• [Task description] Starting at the line that contains "Proverbs 31:16 She", transcribe each line through the end of the material below, exactly and nothing else, leaving out the pictures.
[[ Records shown open ]]
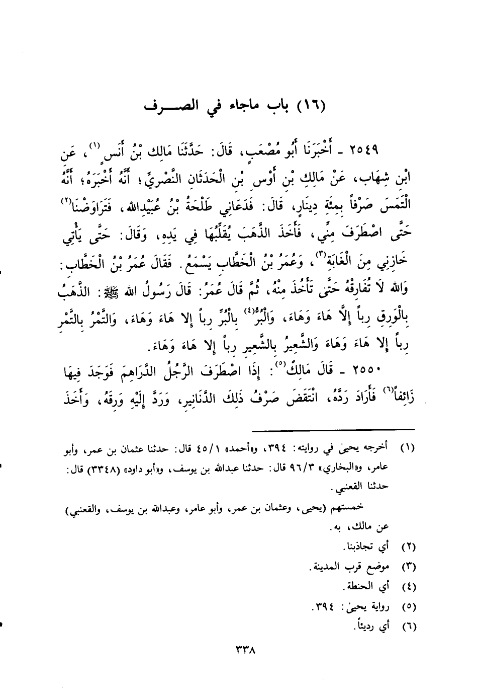 ٢٥٤٩ - أَخْبَرَنَا أَبُو مُصْعَبٍ، قَالَ: حَدَّثَنَا مَالِكٌ بن أنس، عَنِ ابْنِ شِهَابٍ، عَنْ مَالِكِ بْنِ أَوْسِ بْنِ الْحَدَثَانِ النَّصْرِيِّ أنه أخبره، أَنَّهُ الْتَمَسَ صَرْفًا بِمِائَةِ دِينَارٍ، قَالَ: فَدَعَانِي طَلْحَةُ بْنُ عُبَيْدِ اللَّهِ فَتَرَاوَضْنَا حَتَّى اصْطَرَفَ مِنِّي فأَخَذَ الذَّهَبَ يُقَلِّبُهَا فِي يَدِهِ، وقَالَ: حَتَّى يَأْتِيَ خَازِنِي مِنْ الْغَابَةِ وَعُمَرُ بْنُ الْخَطَّابِ يَسْمَعُ، فَقَالَ عُمَرُ: وَاللَّهِ لا تُفَارِقْهُ حَتَّى تَأْخُذَ مِنْهُ ثُمَّ قَالَ عمر: قَالَ رَسُولُ اللَّهِ صَلى الله عَلَيه وَسَلم: الذَّهَبُ بِالْوَرِقِ رِبًا إِلَّا هَاءَ وَهَاءَ، وَالْبُرُّ بِالْبُرِّ رِبًا إِلَّا هَاءَ وَهَاءَ، وَالتَّمْرُ بِالتَّمْرِ رِبًا إِلَّا هَاءَ وَهَاءَ، وَالشَّعِيرُ بِالشَّعِيرِ رِبًا إِلَّا هَاءَ وَهَاءَ.
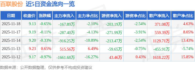 证券之星消息,截至2025年11月18日收盘,百联股份(600827)报收于9.13元,下跌0.65%,换手率0.55%,成交量8.79万手,成交额8007.06万元。
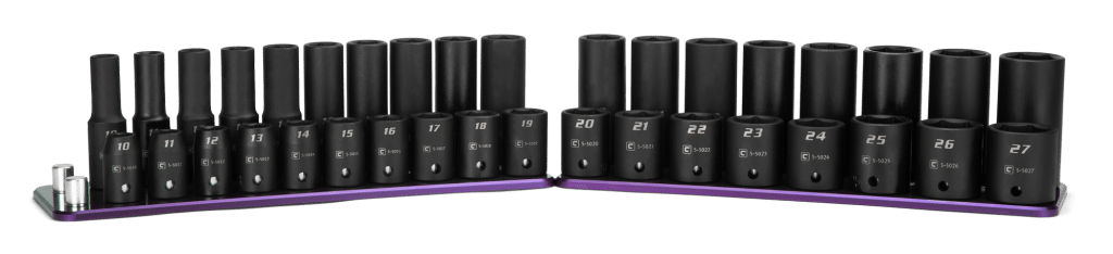 The Capri Tools 3/8 in. Drive Shallow and Deep Impact Socket Set is a collection of most frequently used 3/8 in. drive shallow and deep impact sockets in metric sizes. We use premium Chrome Molybdenum steel tempered with our proprietary heat treatment process to make these impact sockets and accessories. They are durable and specifically made to withstand high torque from power tools. Each item is expertly coated with manganese phosphate, the preferred coating in military and aerospace, which offers superior protection and corrosion resistance compared to black oxide coating on other impact sockets. The 6-point WaveDrive design grips fasteners more tightly than traditional design, preventing fastener rounding and giving you more leverage. Meets and exceeds ASME B107.110 standards. 36-piece set includes (18) 1/2 in. drive deep impact sockets: 10, 11, 12, 13, 14, 15, 16, 17, 18, 19, 20, 21, 22, 23, 24, 25, 26, 27 mm and (18) shallow impact sockets: 10, 11, 12, 13, 14, 15, 16, 17, 18, 19, 20, 21, 22, 23, 24, 25, 26, 27 mm. Comes with a billet aluminum socket rail made by Westling Machine in the USA.
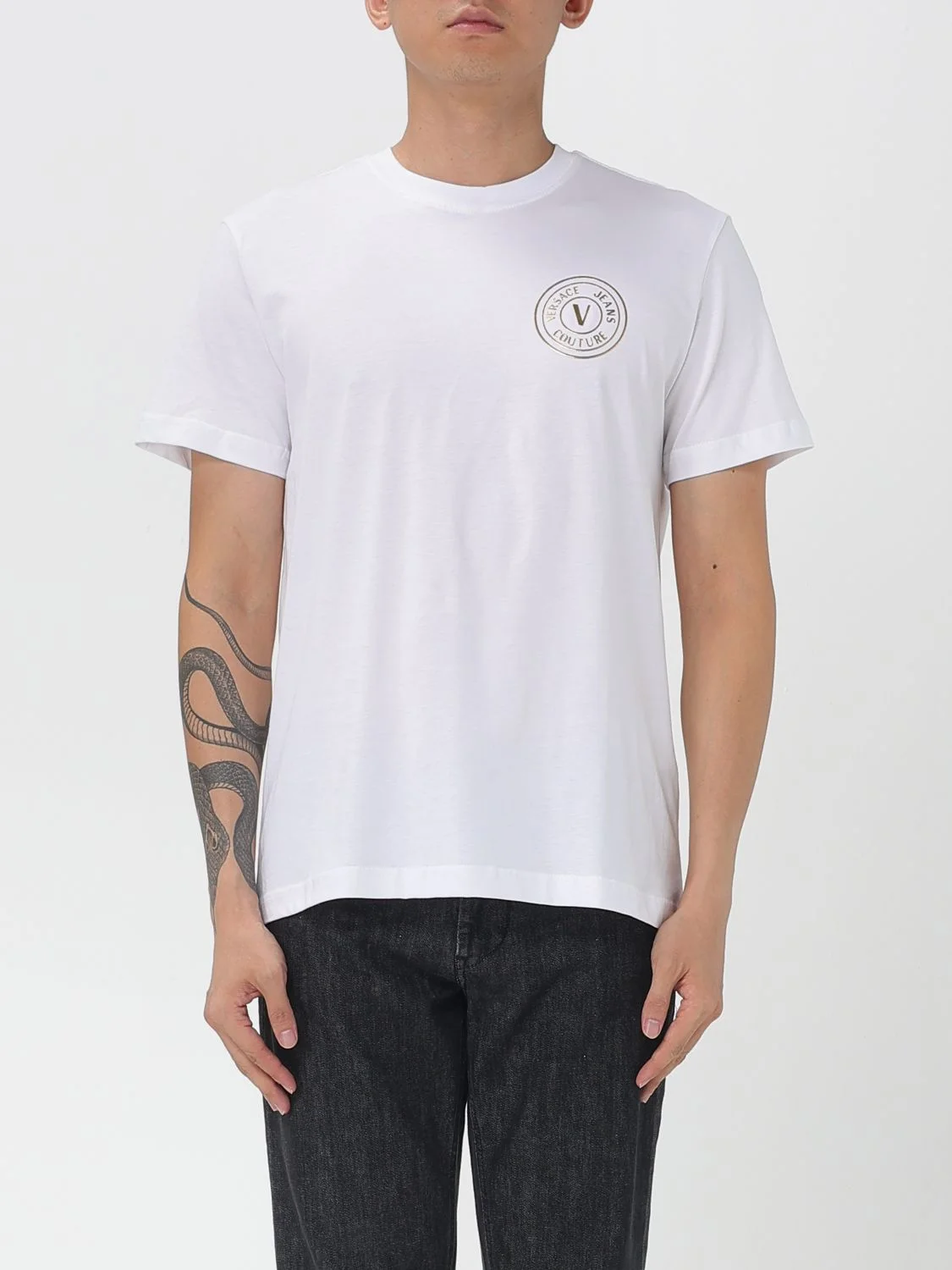 DESCRIPTION - Style: Sporty - Logo: Contrasting - Model: Crewneck - Neckline: Crewneck - Shoulders: Regular - Sleeves: Short - Bottom: With straight hemline - Materials: Cotton - Pattern: Logo DETAILS AND CARE Composition not available SIZE AND FIT Sizes not available Size and fit Slim fit Designer code: 79GAHT00CJ00T G03 Giglio Code: H36437 Designer: Versace Jeans Couture Collection: Versace Jeans Couture Men Category: Clothing Versace Jeans Couture
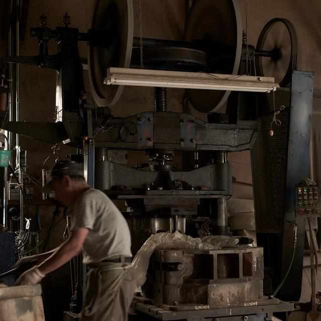 一彫りで仕上げる「ヘラの一刀彫り」に自信アリ。生み出された作品は、どこか荒々しさを残した迫力に満ちている。「1400年もの歴史が紡いできた伝統を未来に遺したい」。鬼瓦の伝統的な製造技術を生かした、鬼瓦以外のオリジナル製品の制作、そしてその技術やパフォーマンスを世界に発信していくことが目標である。
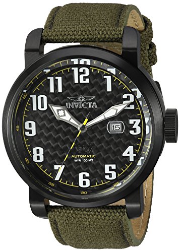 Invicta Men's 'Aviator' Japanese Automatic Stainless Steel and Silicone Casual Watch, Color:Green (Model: 23075)
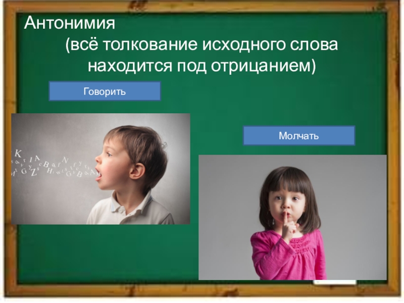 Антонимия (всё толкование исходного слова находится под отрицанием)ГоворитьМолчать
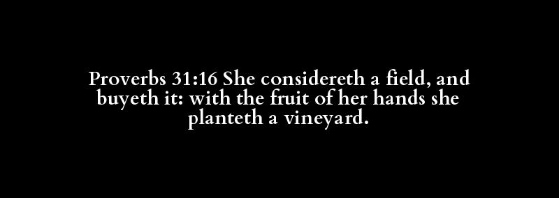 Proverbs 31:16 She considereth a field, and buyeth it: with the fruit of her hands she planteth a vineyard.
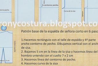 Contorno de cadera: también la dividimos entre cuatro.Largo: tal cual, el deseado.Espalda 1.Se comienza haciendo un rectángulo que mida el largo del talle, y el ancho de la 4ª parte del contorno de pecho. Después, en el ángulo superior derecho dibujamos el escote La bajada de sisa va en función de la talla de cada una, la talla la hallamos dividiendonuestra cintura entre 2 Ejemplo: nuestra cintura mide 80:2= 40 es nuestra talla. 4. Y unimos en curva suave con la línea del hombro,
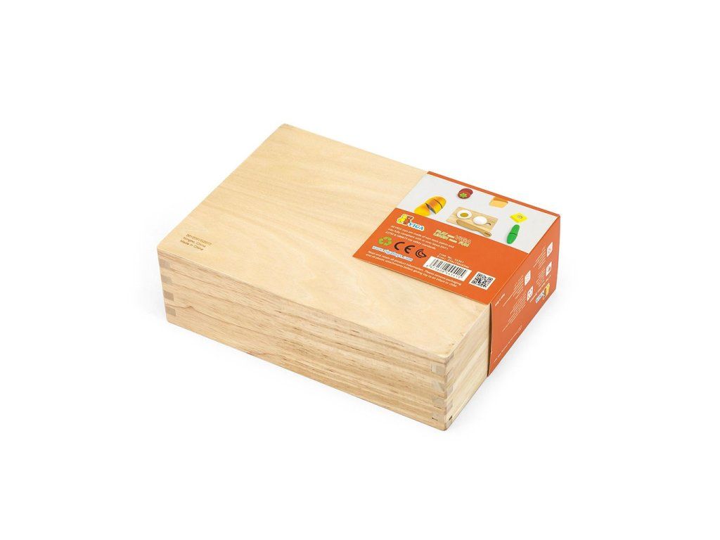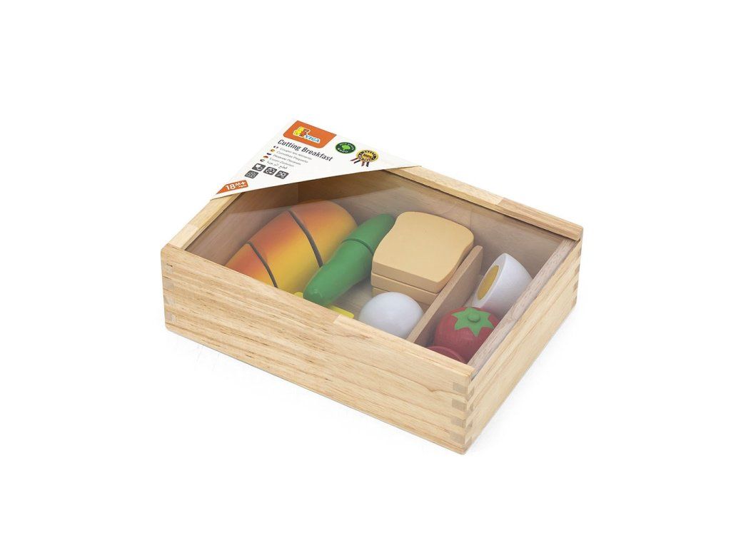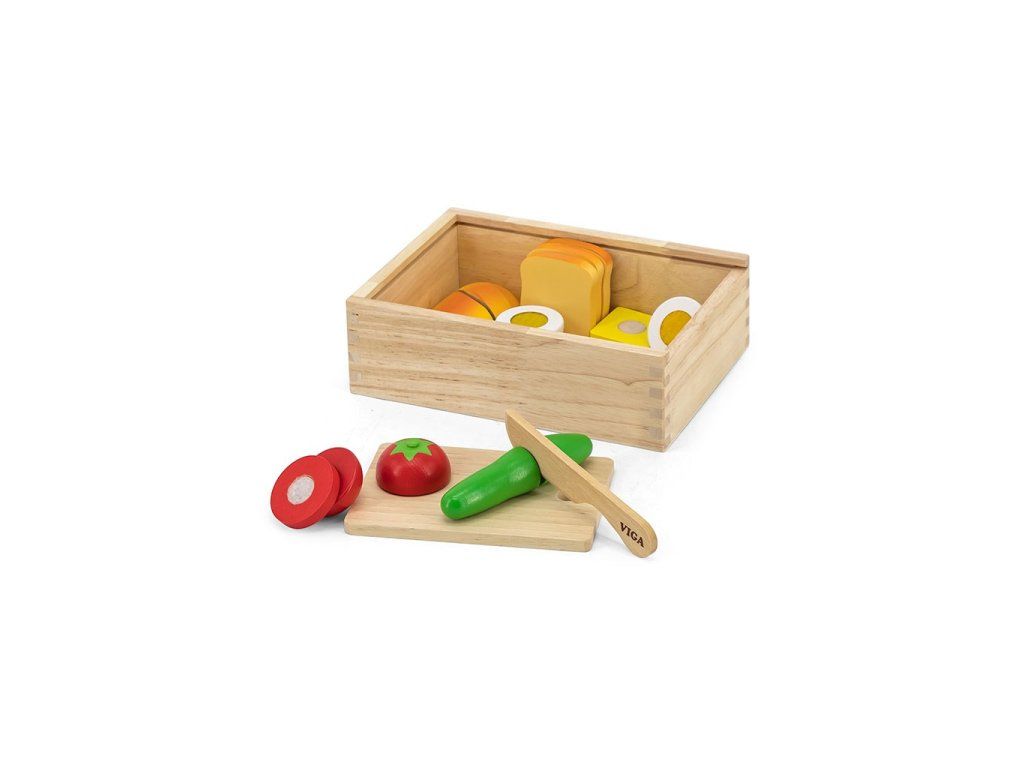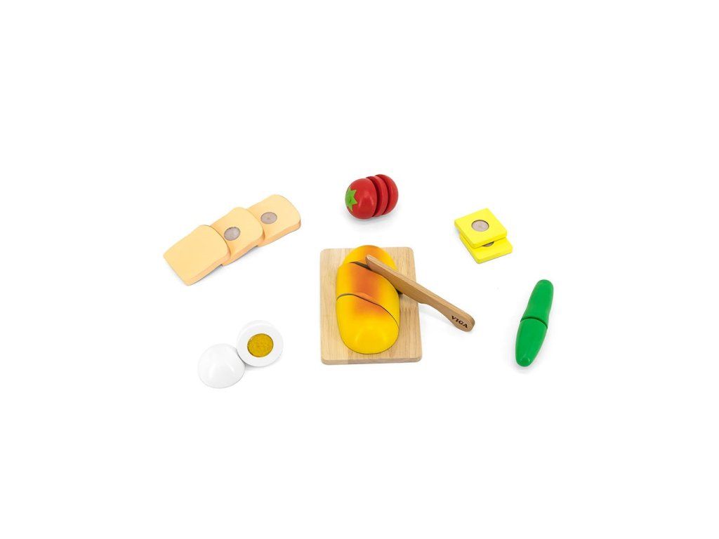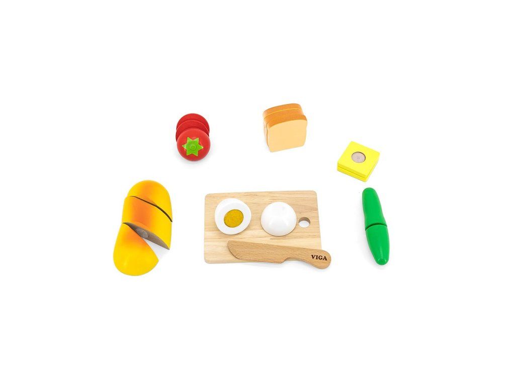 Sada na krájanie raňajok Viga je ideálnou hračkou na stimuláciu detskej predstavivosti. Vďaka bezpečnému nožu, ktorý je vyrobený z dreva, môže dieťa ľahko "krájať" chlieb, vajíčko alebo syr. Ďalšou, výhodou je skutočnosť, že všetky výrobky sú spojené suchým zipsom pre nekonečnú zábavu.
[[ Records shown closed ]]
• [Worked solution]
 Proverbs 31:16 She considereth a field, and buyeth it: with the fruit of her hands she planteth a vineyard.
 Contorno de cadera: también la dividimos entre cuatro.Largo: tal cual, el deseado.Espalda 1.Se comienza haciendo un rectángulo que mida el largo del talle, y el ancho de la 4ª parte del contorno de pecho. Después, en el ángulo superior derecho dibujamos el escote La bajada de sisa va en función de la talla de cada una, la talla la hallamos dividiendonuestra cintura entre 2 Ejemplo: nuestra cintura mide 80:2= 40 es nuestra talla. 4. Y unimos en curva suave con la línea del hombro,
 Sada na krájanie raňajok Viga je ideálnou hračkou na stimuláciu detskej predstavivosti. Vďaka bezpečnému nožu, ktorý je vyrobený z dreva, môže dieťa ľahko "krájať" chlieb, vajíčko alebo syr. Ďalšou, výhodou je skutočnosť, že všetky výrobky sú spojené suchým zipsom pre nekonečnú zábavu.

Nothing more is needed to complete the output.